Work to complete ::
Give again, character for character, the lines that lie between the first line of the material and the line with "蓝色,科技,线条,盾牌,几何,发光,未来,对称,多面体,节点", inclusive. Omit pictures.
--- Information supplied ---
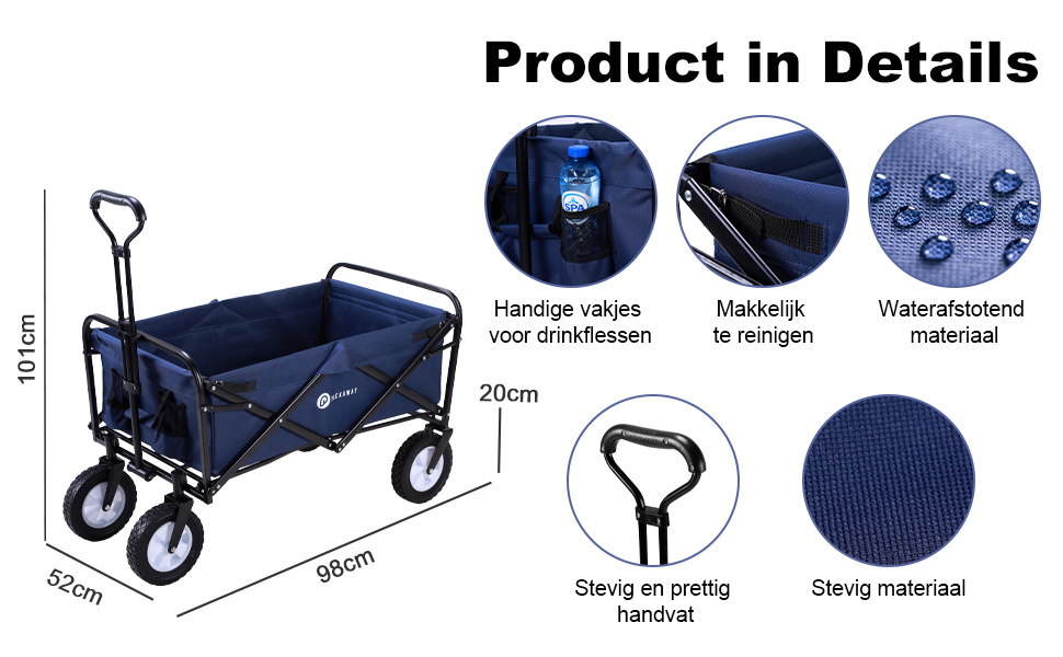 Deze wagen is perfect voor buitenreizen, strandvakanties, kamperen, tuinieren en winkelen. Wij bieden 2 JAAR GARANTIE op alle onderdelen op de bolderkar. We bieden ook een 100% risicovrije tevredenheidsgarantie, als je er niet tevreden mee bent, zullen we graag terugbetalen.
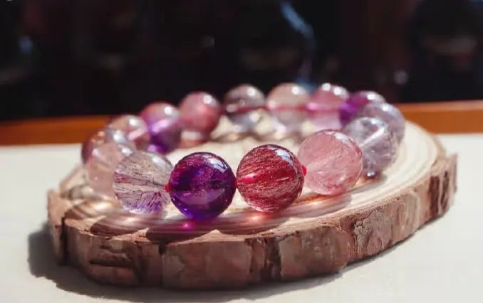 Purple hair crystal hair is generally purple or purple-red, sometimes accompanied by red and black hair, purple hair crystal can also be called super seven crystals. Super heptamine is a co-crystallization of minerals, different proportions of various minerals produce different crystals, fusion of white crystal, smoky quartz, amethyst, rutile, goethite, wolite and yellow phosphate seven kinds of ore, is a very rare crystal variety.
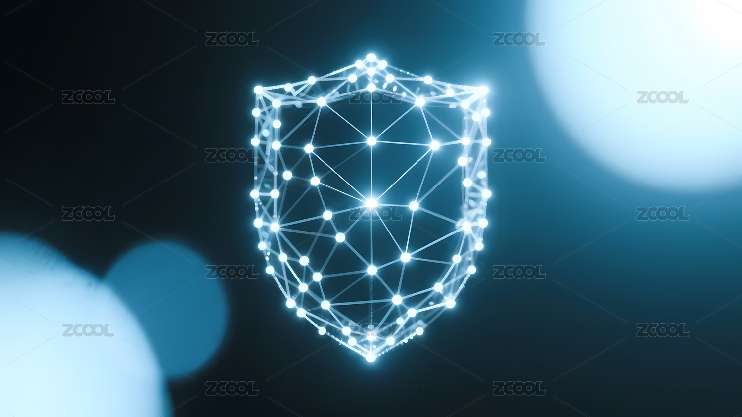 蓝色,科技,线条,盾牌,几何,发光,未来,对称,多面体,节点
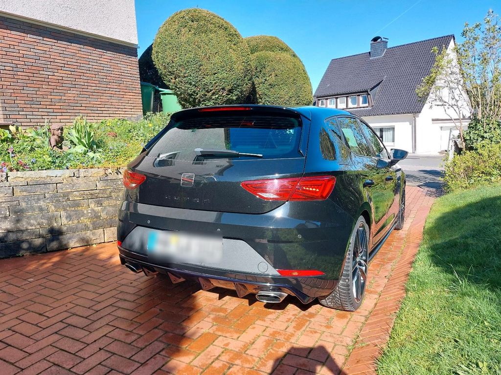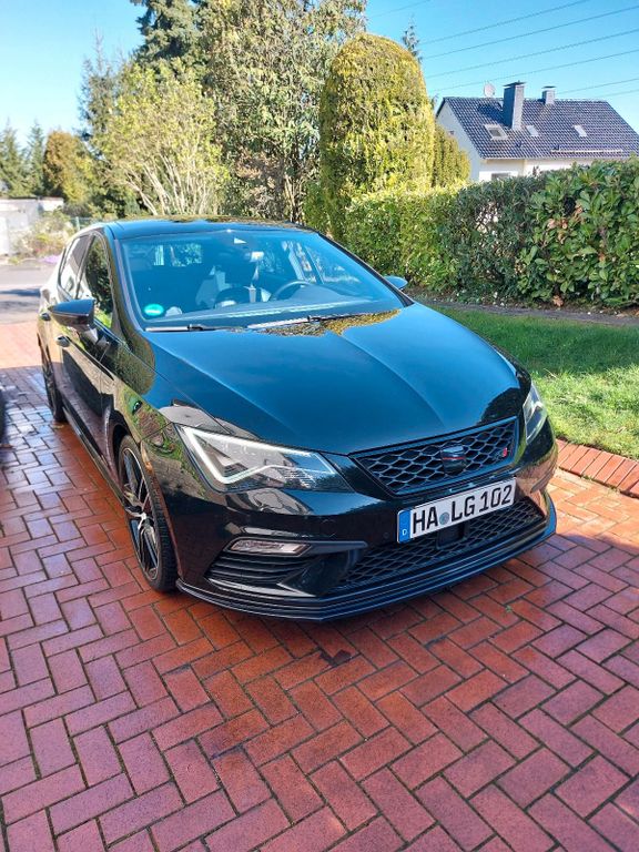 Zum Verkauf steht mein gepflegter Seat Leon Cupra 300 aus 2ter Hand mit DSG-Getriebe und 300 PS in klassischem Schwarz. Das Fahrzeug ist ein Fünftürer, hat aktuell 126.500 km gelaufen und befindet sich technisch in einem sehr guten Zustand.Der Cupra verfügt über eine umfangreiche Ausstattung mit unter anderem adaptivem Tempomat (ACC), Spurhalteassistent, Sitzheizung und Schiebedach.
---
Expected answer ::
 Deze wagen is perfect voor buitenreizen, strandvakanties, kamperen, tuinieren en winkelen. Wij bieden 2 JAAR GARANTIE op alle onderdelen op de bolderkar. We bieden ook een 100% risicovrije tevredenheidsgarantie, als je er niet tevreden mee bent, zullen we graag terugbetalen.
 Purple hair crystal hair is generally purple or purple-red, sometimes accompanied by red and black hair, purple hair crystal can also be called super seven crystals. Super heptamine is a co-crystallization of minerals, different proportions of various minerals produce different crystals, fusion of white crystal, smoky quartz, amethyst, rutile, goethite, wolite and yellow phosphate seven kinds of ore, is a very rare crystal variety.
 蓝色,科技,线条,盾牌,几何,发光,未来,对称,多面体,节点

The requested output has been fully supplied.